_TASK STATEMENT_
Each line below must be transcribed exactly, and no picture may appear in the transcription.

_SUPPLIED INFORMATION_
__________________________________________________

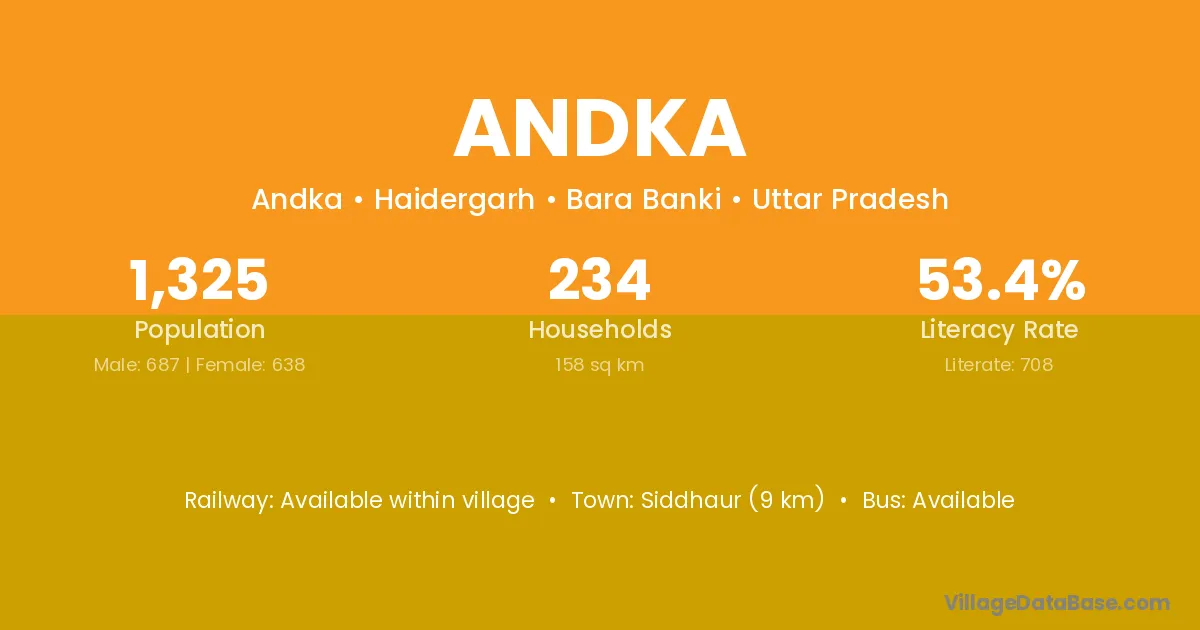 Siddhaur (9 km) is the nearest town to Andka village for major economic activities and is located approximately 9 km away.
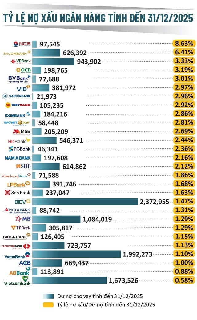 Theo số liệu chính thức, tỷ lệ nợ xấu nội bảng của hệ thống ngân hàng Việt Nam có xu hướng tăng nhanh từ năm 2022-2023 rồi dần ổn định trở lại vào cuối 2024 – 2025 nhưng đang duy trì ở mức cao. Cụ thể, tỷ lệ nợ xấu nội bảng được Ngân hàng Nhà nước (NHNN) công bố cuối năm 2021 là 1,9% (so với 1,69% cuối 2020). Theo báo cáo của IMF trích dẫn số liệu NHNN, tỷ lệ này lên khoảng 2,3% vào năm 2022 và đạt đỉnh 5,9% vào tháng 9/2023 trước khi giảm nhẹ còn 5,3% vào tháng 3/2025.
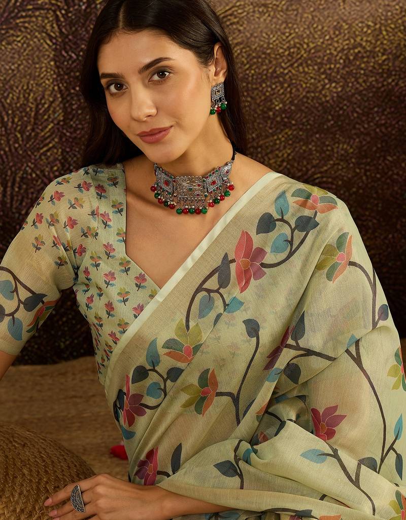 | Product Name | Pista Silk Cotton Printed Saree With Unstitched Blouse Piece | |
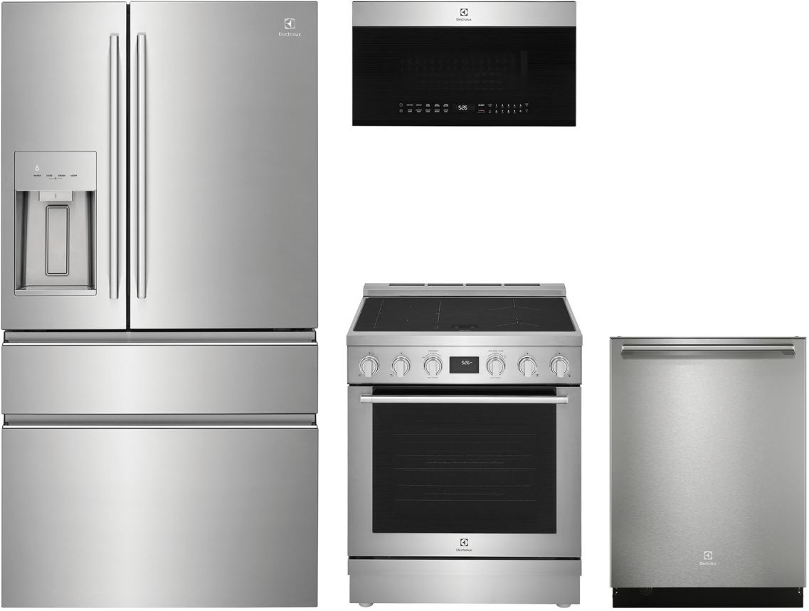 The Electrolux 4 Piece Stainless Steel Kitchen Appliance Package with a French door refrigerator, induction range, built in dishwasher, and over the range convection microwave. Read More

__________________________________________________

_WRITTEN SOLUTION_
 Siddhaur (9 km) is the nearest town to Andka village for major economic activities and is located approximately 9 km away.
 Theo số liệu chính thức, tỷ lệ nợ xấu nội bảng của hệ thống ngân hàng Việt Nam có xu hướng tăng nhanh từ năm 2022-2023 rồi dần ổn định trở lại vào cuối 2024 – 2025 nhưng đang duy trì ở mức cao. Cụ thể, tỷ lệ nợ xấu nội bảng được Ngân hàng Nhà nước (NHNN) công bố cuối năm 2021 là 1,9% (so với 1,69% cuối 2020). Theo báo cáo của IMF trích dẫn số liệu NHNN, tỷ lệ này lên khoảng 2,3% vào năm 2022 và đạt đỉnh 5,9% vào tháng 9/2023 trước khi giảm nhẹ còn 5,3% vào tháng 3/2025.
 | Product Name | Pista Silk Cotton Printed Saree With Unstitched Blouse Piece | |
 The Electrolux 4 Piece Stainless Steel Kitchen Appliance Package with a French door refrigerator, induction range, built in dishwasher, and over the range convection microwave. Read More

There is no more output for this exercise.